Segment Open
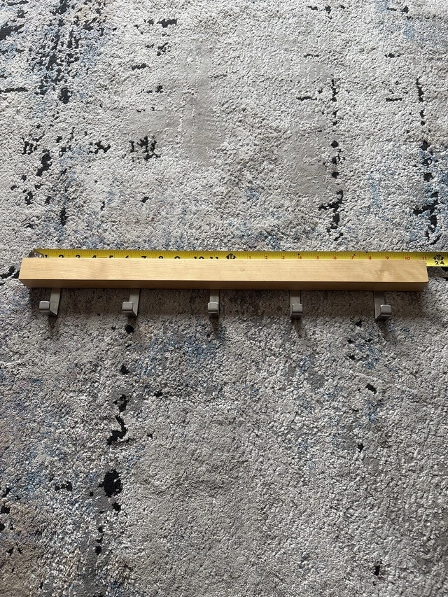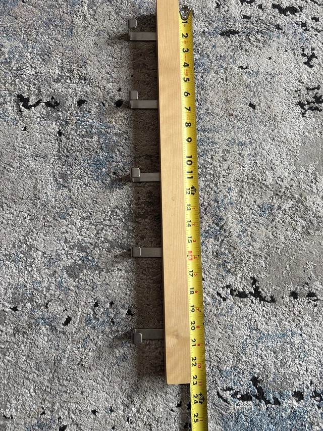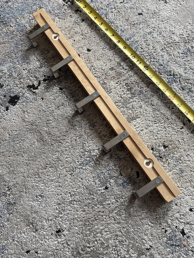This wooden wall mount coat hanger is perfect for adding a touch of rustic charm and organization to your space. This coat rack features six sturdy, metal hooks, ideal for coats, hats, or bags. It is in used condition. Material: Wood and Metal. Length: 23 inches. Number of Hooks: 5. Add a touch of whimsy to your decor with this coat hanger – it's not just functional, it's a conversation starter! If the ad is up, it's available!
Segment Closed
Segment Open
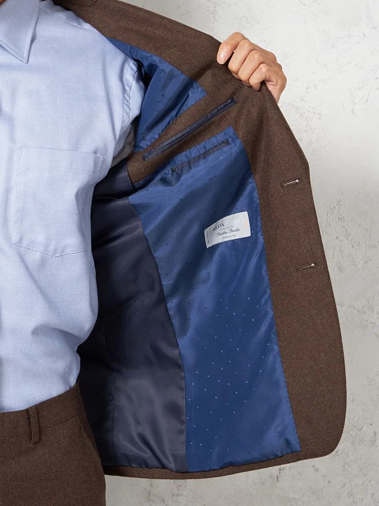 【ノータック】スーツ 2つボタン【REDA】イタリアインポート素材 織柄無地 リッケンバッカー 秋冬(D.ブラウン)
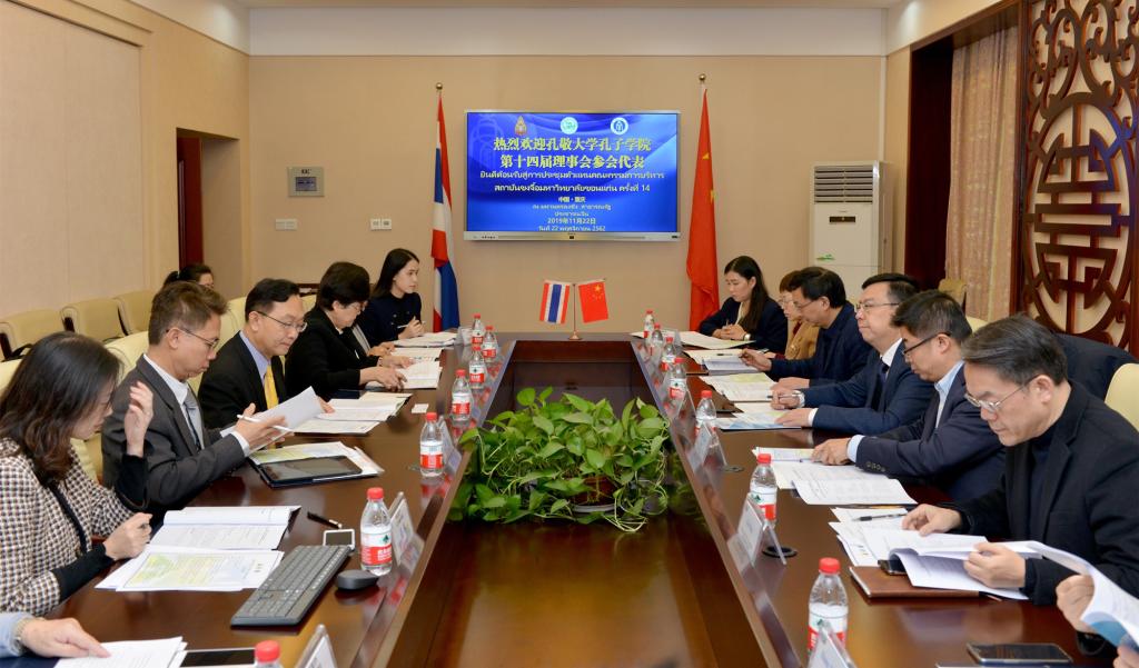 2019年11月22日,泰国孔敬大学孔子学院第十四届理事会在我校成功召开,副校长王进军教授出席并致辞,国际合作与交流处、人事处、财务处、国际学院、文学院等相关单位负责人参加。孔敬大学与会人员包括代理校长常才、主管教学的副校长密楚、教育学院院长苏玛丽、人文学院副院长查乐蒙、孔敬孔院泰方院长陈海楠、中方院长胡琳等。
Segment Closed
Segment Open
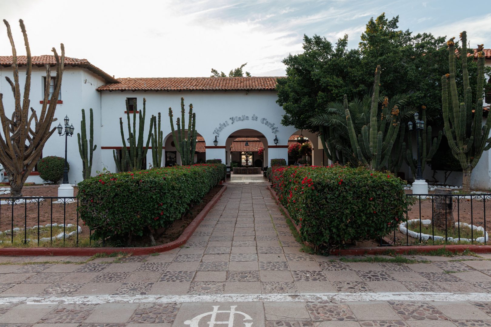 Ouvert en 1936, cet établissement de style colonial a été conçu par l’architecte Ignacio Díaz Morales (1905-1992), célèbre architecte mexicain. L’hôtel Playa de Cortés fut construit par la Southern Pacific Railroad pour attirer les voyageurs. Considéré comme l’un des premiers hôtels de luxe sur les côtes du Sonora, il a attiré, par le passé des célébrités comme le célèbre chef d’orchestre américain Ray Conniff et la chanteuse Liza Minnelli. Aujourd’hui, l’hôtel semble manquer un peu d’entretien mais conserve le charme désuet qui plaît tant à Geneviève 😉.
Segment Closed
# Work task
Go to the line above that has "織柄無地 リッケンバッカー 秋冬(D.ブラウン)" and copy exactly from there down to the line that has "2019年11月22日,泰国", both included. Leave the pictures out.

# Exercise result
 【ノータック】スーツ 2つボタン【REDA】イタリアインポート素材 織柄無地 リッケンバッカー 秋冬(D.ブラウン)
 2019年11月22日,泰国孔敬大学孔子学院第十四届理事会在我校成功召开,副校长王进军教授出席并致辞,国际合作与交流处、人事处、财务处、国际学院、文学院等相关单位负责人参加。孔敬大学与会人员包括代理校长常才、主管教学的副校长密楚、教育学院院长苏玛丽、人文学院副院长查乐蒙、孔敬孔院泰方院长陈海楠、中方院长胡琳等。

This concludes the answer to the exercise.